*** Opening INPUT FOR THIS TASK ***
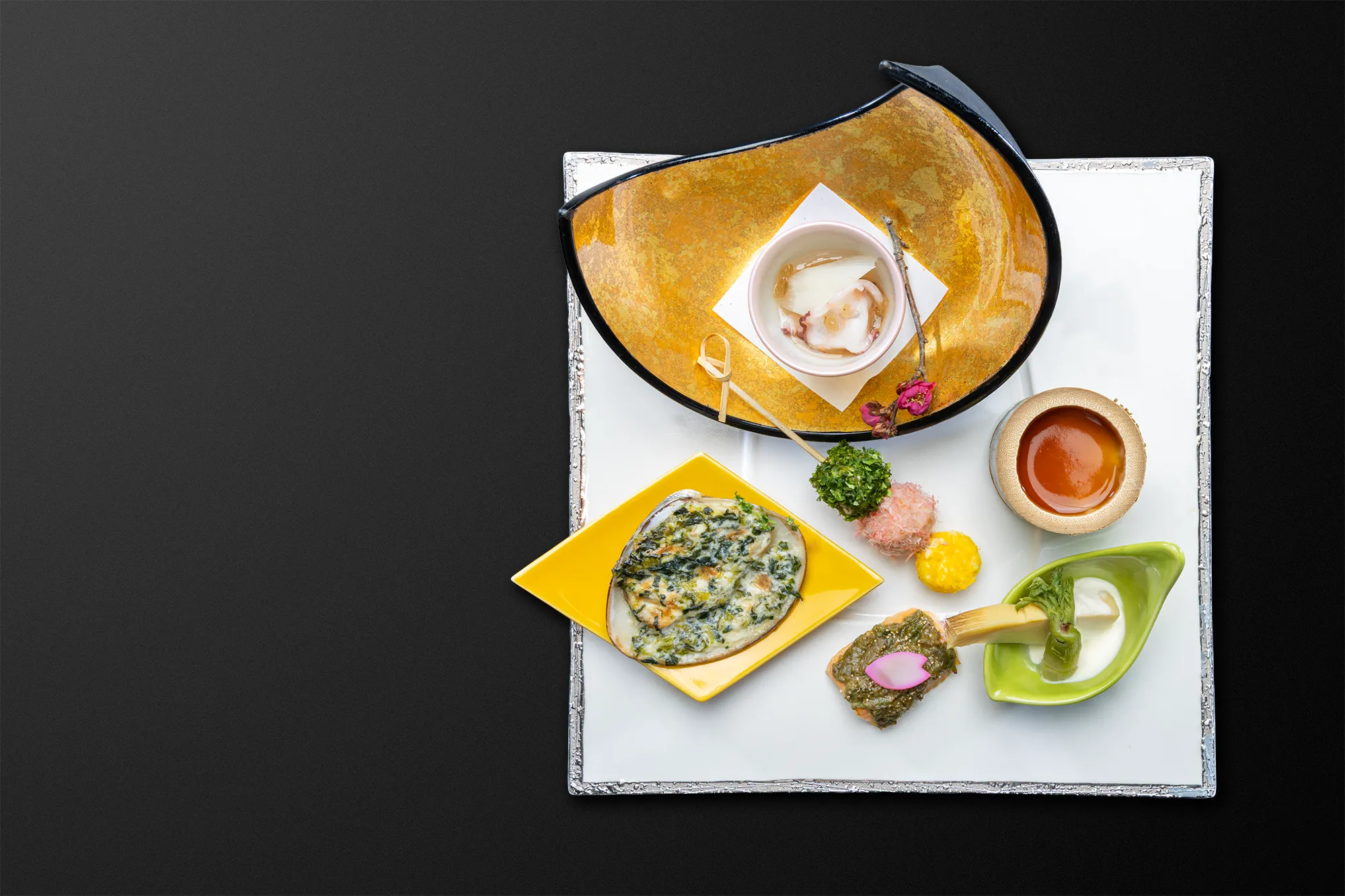蝦夷鮑と帆立を香ばしくソテーし、濃厚な肝バターソースと春野菜を添えて仕上げた一皿です。
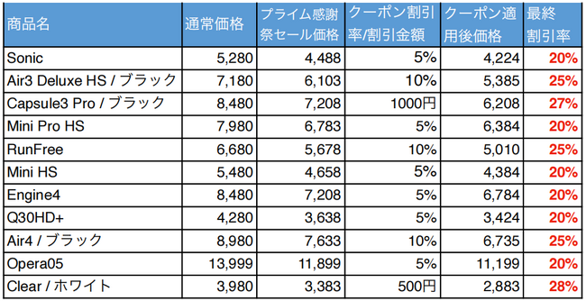 発売にあわせ、10月14日(土)から2日間開催される「Amazonプライム感謝祭」にて、 弊社製品の特別セールを実施します。Clear/ホワイトモデルも28%オフと大変お求めやす い価格で提供致しますので、ぜひご利用ください。
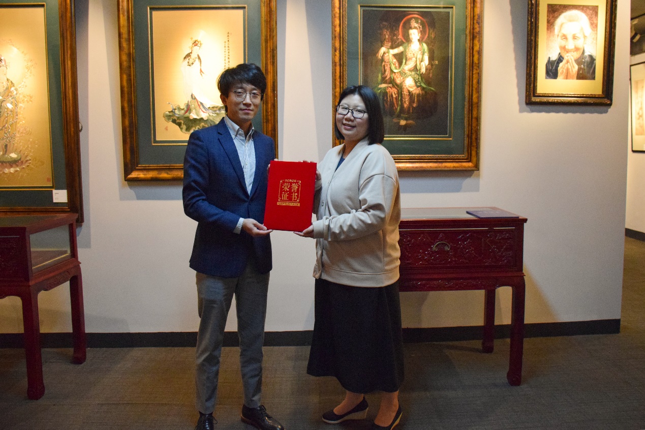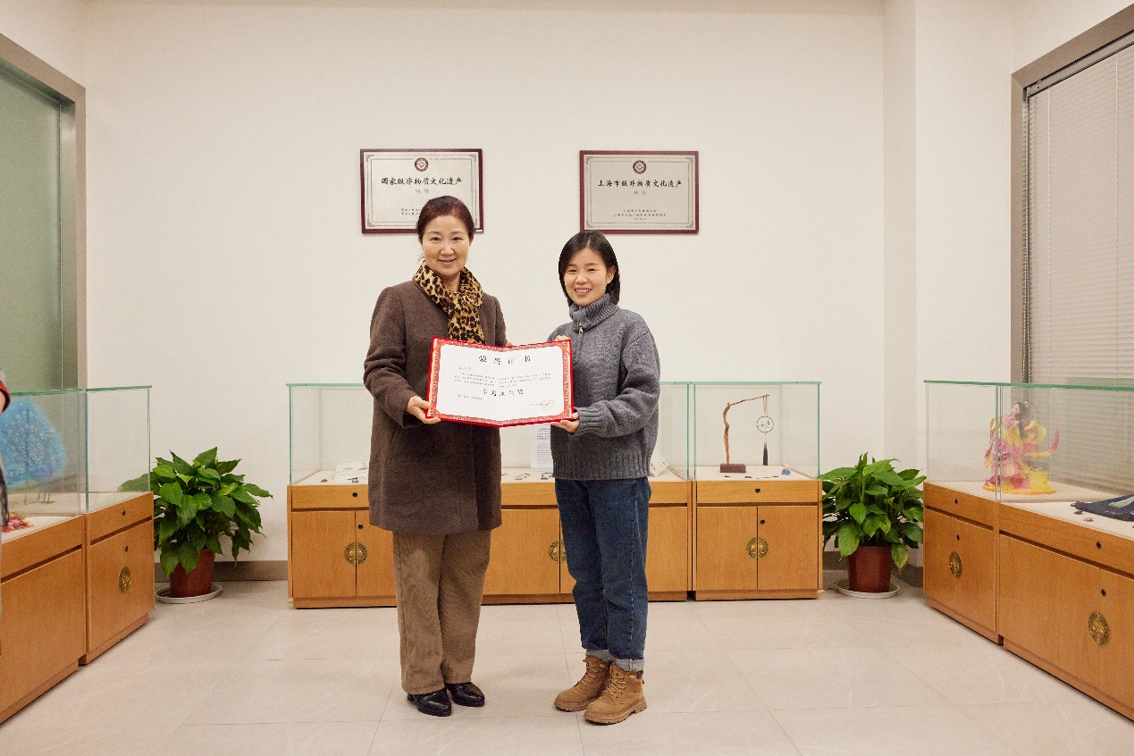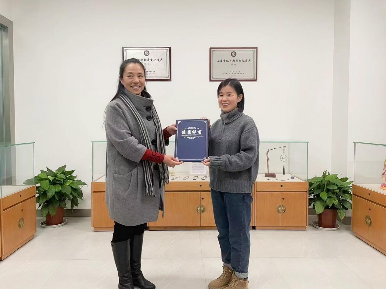 最后,非遗教研中心主任柯玲教授为陈华琼颁发《结业证书》,并给松江文化馆赠送了《best365体育亚洲官网非遗研培成果(第九期)》。中心教学指导张顺爱副教授颁发了《荣誉证书》。
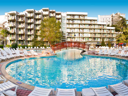Hotel Laguna Garden 4* ligt in het hart van het populaire Albena aan de Bulgaarse kust, op slechts 130 meter van het prachtige zandstrand. Dit gezellige 4-sterrenhotel beschikt over een mineraalwater zwembad, een uitgebreid Green All Inclusive pakket en toegang tot alle sportfaciliteiten die Albena te bieden heeft. Het hotel is omringd door een prachtige rozentuin en ligt vlakbij de gezellige winkelpromenade waar jullie een ijsje kunnen eten of een rondje botsboten kunnen rijden!
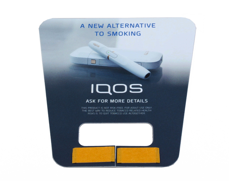 Made in white 750mym p/prop. Litho printed with a 4 colour process + seal. with 2x self adhesive pads to the front face.
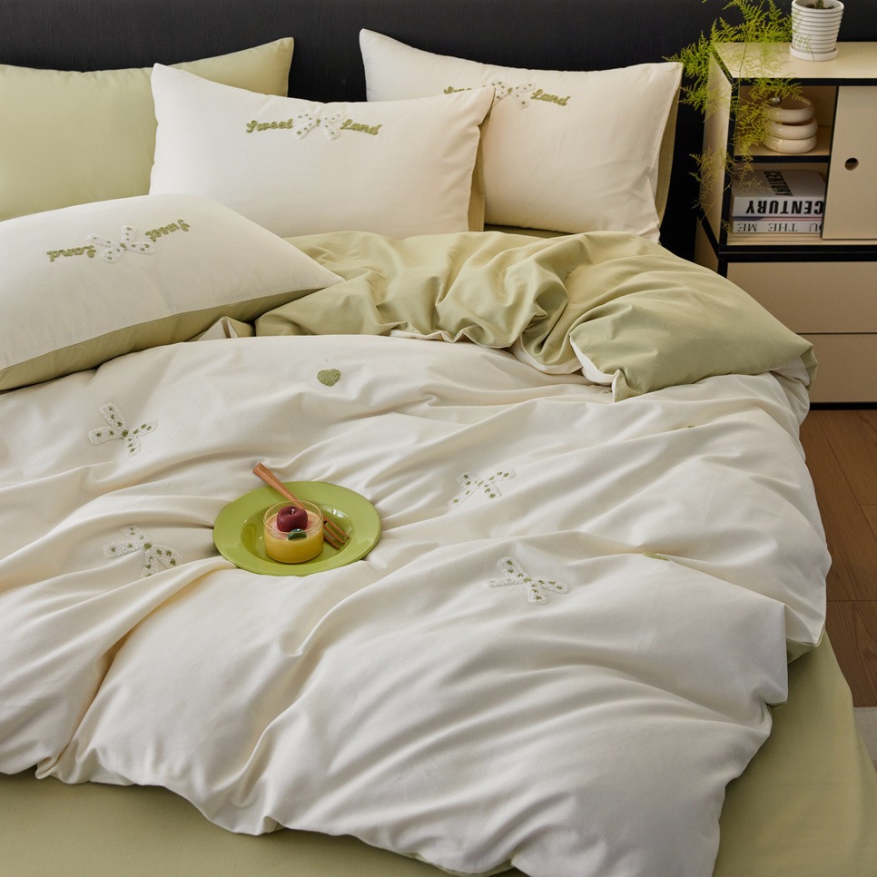 粉黛の恋甘い少女心蝶刺繍100本のオーストラリア綿4点セットの純綿布団シーツベッド用品
*** Closing INPUT FOR THIS TASK ***
DIRECTIONS FOR THIS TASK -> Copy the records exactly, minus any pictures.

THE COMPLETED TASK ->
蝦夷鮑と帆立を香ばしくソテーし、濃厚な肝バターソースと春野菜を添えて仕上げた一皿です。
 発売にあわせ、10月14日(土)から2日間開催される「Amazonプライム感謝祭」にて、 弊社製品の特別セールを実施します。Clear/ホワイトモデルも28%オフと大変お求めやす い価格で提供致しますので、ぜひご利用ください。
 最后,非遗教研中心主任柯玲教授为陈华琼颁发《结业证书》,并给松江文化馆赠送了《best365体育亚洲官网非遗研培成果(第九期)》。中心教学指导张顺爱副教授颁发了《荣誉证书》。
Hotel Laguna Garden 4* ligt in het hart van het populaire Albena aan de Bulgaarse kust, op slechts 130 meter van het prachtige zandstrand. Dit gezellige 4-sterrenhotel beschikt over een mineraalwater zwembad, een uitgebreid Green All Inclusive pakket en toegang tot alle sportfaciliteiten die Albena te bieden heeft. Het hotel is omringd door een prachtige rozentuin en ligt vlakbij de gezellige winkelpromenade waar jullie een ijsje kunnen eten of een rondje botsboten kunnen rijden!
 Made in white 750mym p/prop. Litho printed with a 4 colour process + seal. with 2x self adhesive pads to the front face.
 粉黛の恋甘い少女心蝶刺繍100本のオーストラリア綿4点セットの純綿布団シーツベッド用品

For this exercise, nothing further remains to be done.